There are lighter hubs out there, but IMO not better hubs. Obviously you can't get super low spoke count with Campy, but you have to ask whether you need it. If you want wheels about which you can boast of pushing the envelope, Campy hubs are the wrong answer. If you want wheels that are durable, roll well, and are easy to maintain, you can't do a lot better.


----------



## ergott (Feb 26, 2006)

You would be very happy with Campagnolo Record hubs laced to HED C2 rims. DT RR465 would be nice as well.

-Eric


----------



## strathconaman (Jul 3, 2003)

I built a set of 32 hole campy record hubs laced 3x wit cx-ray spokes to Aplha 340 rims that came out at 1370g. 

No carbon nothing. No fancy lacing. No low spoke, low durability wheels. These things are bomb proof and will probably out last 3 frames. They are also the lightest wheelset I own. Put that in your smoke and pipe it.


----------



## exracer (Jun 6, 2005)

They are not going to be the lightest hubs out there but they are extremely durable, reliable, whatever you want to call it. Have an older set of Record hubs on my Paramount. They have over 60k miles on them. Just done regular maintenance on them. Can't imagine the newer Record hubs being any less bullet proof.


----------



## Drew Eckhardt (Nov 11, 2009)

gofast2wheeler said:


> I was just wondering what everybody thinks about the Campy Record Hubs compared to aftermarket (Chris King, Alchemy,White Industries, etc.)? Any experienced wheel builders like to chime in please do. Looking to buid a low profile wheel set, but are looking for the smoothest and strongest hub available. I am a Campy nut, so would prefer to stay with them unless aftermarket it just way smoother and more rigid. My weight is 180 lbs, looking to build lighest strongest wheels that are strong, hold true. I do road riding on regular streets. My current wheels are Campy Chorus hubs (loose balls 1999), Mavix CXP 30 rims and wheelsmith spokes, not very light but take a beaten and keep going.

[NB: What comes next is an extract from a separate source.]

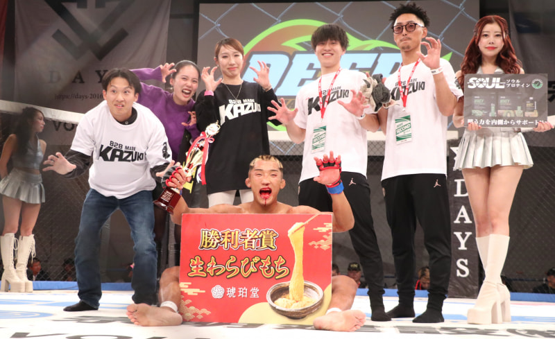 TKO勝利の相本は「いい喧嘩ができた。トーナメント一回戦前に失神して、無駄にしてしまったので、受けてくれた高橋さんに拍手を!あと、新居すぐるさんが相手を探しているとか言っているんですけど、しっかり準備して命をかけているので今年は休みます。来年RIZINでやります」とアピールした。

They're the best. The bearings last a very long time and if you somehow manage to wear out cups/freehub pawls/freehub springs they're all replaceable. Campagnolo is one of just a few companies (including Shimano) that coins the spoke holes so the hub flanges are more durable. Record grease ports double the interval between disassemblies.

The only down-side is that you need to buy NOS or used examples if you want classic silver or drillings other than 32h.


----------



## Zen Cyclery (Mar 10, 2009)

Well, they aren't the lightest out there but they sure are durable. I think they would be very comparable to a White Industries setup.


----------